The Lakehouse maintains multiple historical versions for each table. Each data change (INSERT/UPDATE/DELETE) generates a new version, while old versions remain accessible. Dynamic Tables precisely locate Delta data by recording the source table version checkpoint from the last refresh.
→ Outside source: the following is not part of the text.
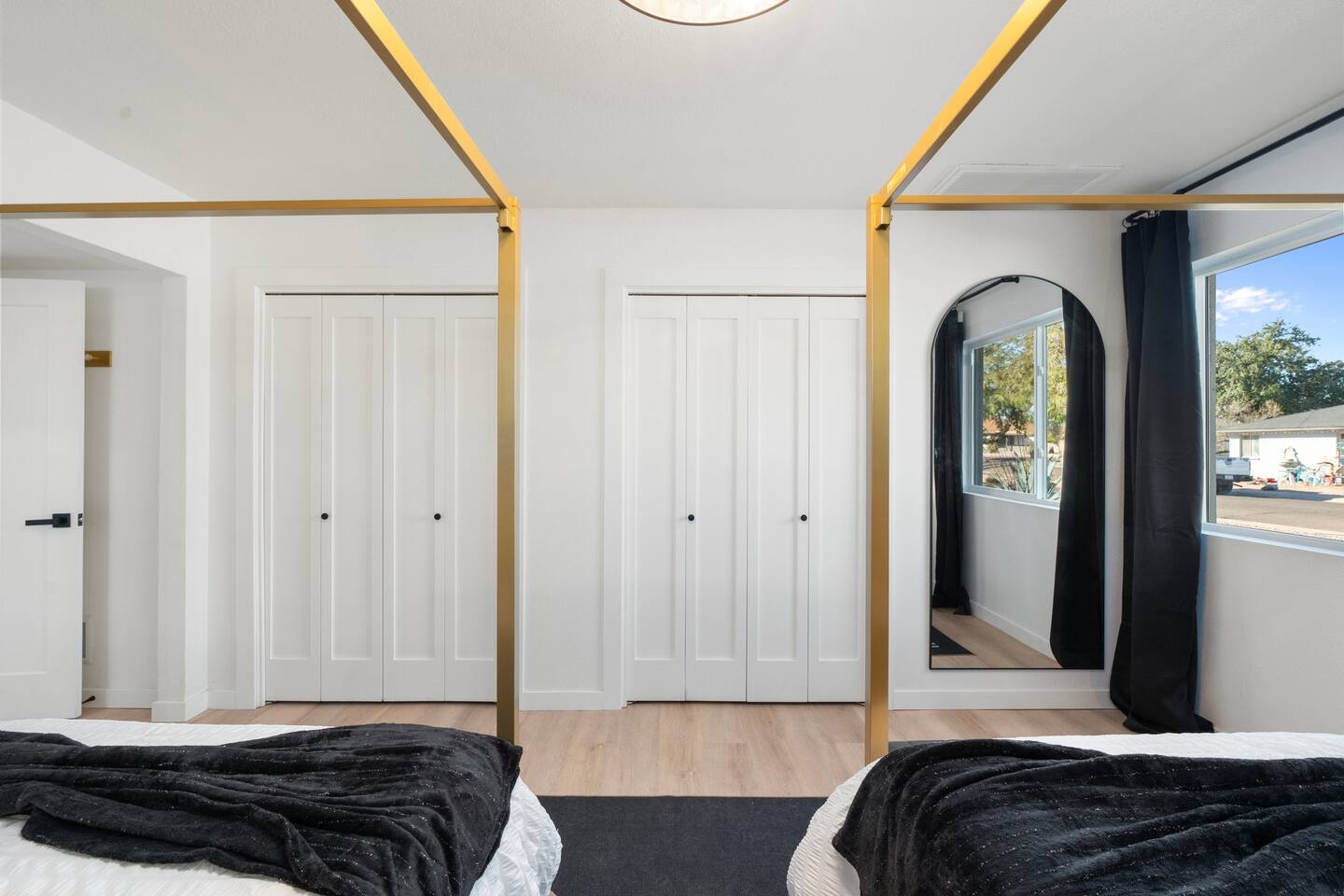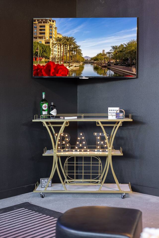 A Gatsby-themed escape with a heated pool, hot tub, game room, and IG-worthy design! 🏷 Main Floor Kitchen & Dining Room ∙ FULLY stocked kitchen w/plenty of counterspace for at-home baking and cooking ∙ Elegant, KEUREG coffee maker, tea kettle,blender and toaster ∙ Cooking oils and seasoning essentials ∙ Abundance of dishware, glassware and silverware, including children’s ∙ Full-sized fridge and freezer ∙ Gas range and oven ∙ Microwave ∙ Dishwasher ∙ Dining room table, seating for 6 ∙ Breakfast bar, seating for 3 ∙ Room-darkening shades ∙ Vintage turntable for music while dining or relaxing Living Room #1 ∙ Smart TV ∙ Netflix, Prime Video, Disney Plus, Hulu, HBO and more ∙ Sound system ∙ Room darkening shades ∙ Comfortable velvet and leather seating throughout the living area ∙ Coffee table ∙ Indoor fireplace ∙ Board games ∙ Books ∙ Expansive glass windows that brighten the home with abundant natural light Living Room #2 ∙ Smart TV ∙ Netflix, Prime Video, Disney Plus, Hulu, HBO and more ∙ Sound system ∙ Room darkening shades ∙ Comfortable velvet and leather seating throughout the living area ∙ Coffee table ∙ Board games ∙ Books ∙ Wine fridge ∙ Expansive glass windows that brighten the home with abundant natural light Bedroom #1 ∙ King size bed (additional floor mattress stored away if needed) ∙ Premium mattress and comforter ∙ Smart TV ∙ Room darkening shades ∙ Bedside table and lamp ∙ Bedroom stool Bedroom #2 ∙ 2 Double beds ∙ Premium mattress and comforter ∙ Smart TV ∙ Room darkening shades ∙ Bedside table and lamp ∙ Ceiling fan ∙ Bedroom bench ∙ Full-length mirror Bedroom #3 ∙ Queen size bed (additional floor mattress stored away if needed) ∙ Premium mattress and comforter ∙ Smart TV ∙ Room darkening shades ∙ Bedside table and lamp ∙ Ceiling fan ∙ Closet w/ hangers ∙ Bedroom bench ∙ Full-length mirror Bathroom #1 (Ensuite) ∙ Shower ∙ Single vanity and mirror ∙ Shampoo, conditioner and body soap ∙ Makeup washcloth Bedroom #4 ∙ Double bed ∙ Premium mattress and comforter ∙ Smart TV ∙ Room darkening shades ∙ Bedside table and lamp ∙ Ceiling fan ∙ Closet w/ hangers ∙ Bedroom bench ∙ Small dining table, seating for 2 ∙ Private entrance ∙ Full-length mirror Bathroom #2 ∙ Shower ∙ Dual vanity and large mirror w/ plenty of counter space ∙ Shampoo, conditioner and body soap ∙ Makeup washcloth Laundry Room ∙ LG washer/dryer ∙ Tide Free and Gentle ∙ Open shelving stocked with fresh pool towels for easy access Entertainment/Game Room ∙ Smart TV ∙ Poker table and chairs ∙ Popcorn machine ∙ Comfortable velvet and leather seating ∙ Electric fireplace ∙ Shuffleboard ∙ Board games 🏷 Outdoor Space(s) Patio ∙ Hot tub ∙ Outdoor dining, seating for 10 ∙ Modern fire table and seating ∙ Surrounded by string lights that create a cozy, inviting glow at night Pool area ∙ Sun loungers ∙ Umbrellas ∙ Glowing floating orbs ∙ More seating on the pool side Backyard ∙ Bocce Ball ∙ Cornhole 🏷 Parking ∙ Free driveway parking, up to 4 vehicles ∙ Additional free street parking 🚘 Nearby ∙ Old Town Scottsdale (5 min): Walkable downtown area with galleries, craft coffee spots, boutique shops, lively dining & nightlife. ∙ Scottsdale Fashion Square (6 min): Upscale shopping mall with luxury brands, dining, and convenient access for guests wanting high-end retail therapy. ∙ McCormick-Stillman Railroad Park (7 min): Family-friendly park with a miniature train, playgrounds and green space—great for relaxed outings. ∙ Western Spirit: Scottsdale’s Museum of the West (7 min): Cultural museum showcasing the art and heritage of the American West—good for guests seeking an elegant yet local experience. ∙ Scottsdale Stadium (8 min): Iconic Spring Training baseball stadium and venue for events—perfect for guests attending sports or looking for lively evenings. ∙ Papago Park Trails (8 min): Easy desert trails, iconic “Hole-in-the-Rock” viewpoint and nature paths inside the city for guest outdoor activity. ∙ Musical Instrument Museum (15 min): Unique museum featuring musical instruments from around the world—ideal for culture-seeking guests. ∙ Butterfly Wonderland (15 min): Indoor rainforest-style attraction with butterflies and immersive exhibits—good for families or those escaping the heat. ∙ OdySea Aquarium (15 min): Large modern aquarium offering climate-controlled family fun and something different for group outings. ∙ Desert Botanical Garden (17 min): Beautiful gardens featuring desert flora and scenic trails—great for photo-friendly guests and nature lovers. ∙ Camelback Mountain (20 min): Iconic hiking destination with panoramic city and valley views—ideal for active guests looking for a memorable outdoor experience. ∙ Kierland Commons (20 min): Trendy outdoor shopping and dining district with cafés and bars—perfect for a relaxed afternoon or evening out. ∙ Scottsdale Quarter (22 min): Outdoor shopping and dining area with restaurants, trendy cafés and nightlife—good for social groups. ∙ Pinnacle Peak Park (25 min): Nature park offering moderate hikes and stunning desert scenery—great for nature-loving guests. ∙ Paradise Valley Resort Area (30 min): Luxury resort zone with upscale dining, spa experiences and mountain views—ideal for a splurge outing. ∙ Sedona Day Trip (120 min): Stunning red-rock landscape accessible for a full-day adventure—great for guests staying multiple days. ∙ Flagstaff / Northern Arizona (140 min): Extended outing destination for guests wanting a larger nature escape beyond Scottsdale. ∙ Grand Canyon South Rim (180 min): Iconic national landmark reachable for full-day or overnight trip—adds major appeal for longer stays. ∙ Scottsdale Canal & Public Art Walk (22 min): Scenic canal path with public art installations, cafés and leisurely

Version 1: [A, B, C]          <-- Initial snapshot
Version 2: [A, B, C, D]       <-- Insert D, Delta = [+D]
Version 3: [A, B', C, D, E]   <-- Update B, Insert E, Delta = [-B(old), +B(new), +E]

Incremental Algorithm

Different operators handle incremental data differently:

Operator	Incremental Processing Method	Needs to Read Historical Data
Filter	Apply filter conditions only to incremental data	No
Project	Apply column pruning/computation only to incremental data	No
Join	Join incremental data with right table historical data	Yes, needs to read right table history
Aggregate	Merge incremental data with own historical aggregation results	Yes, needs to read own historical results

Example: Coffee Sales Statistics

Suppose a coffee shop has two tables:

-- Product table (Append-Only)
CREATE TABLE products (
    product_id STRING,
    product_name STRING
);

-- Order table (continuously appending)
CREATE TABLE orders (
    order_id STRING,
    product_id STRING,
    price DOUBLE
);

Business requirement: Calculate total sales for each type of coffee, excluding lattes.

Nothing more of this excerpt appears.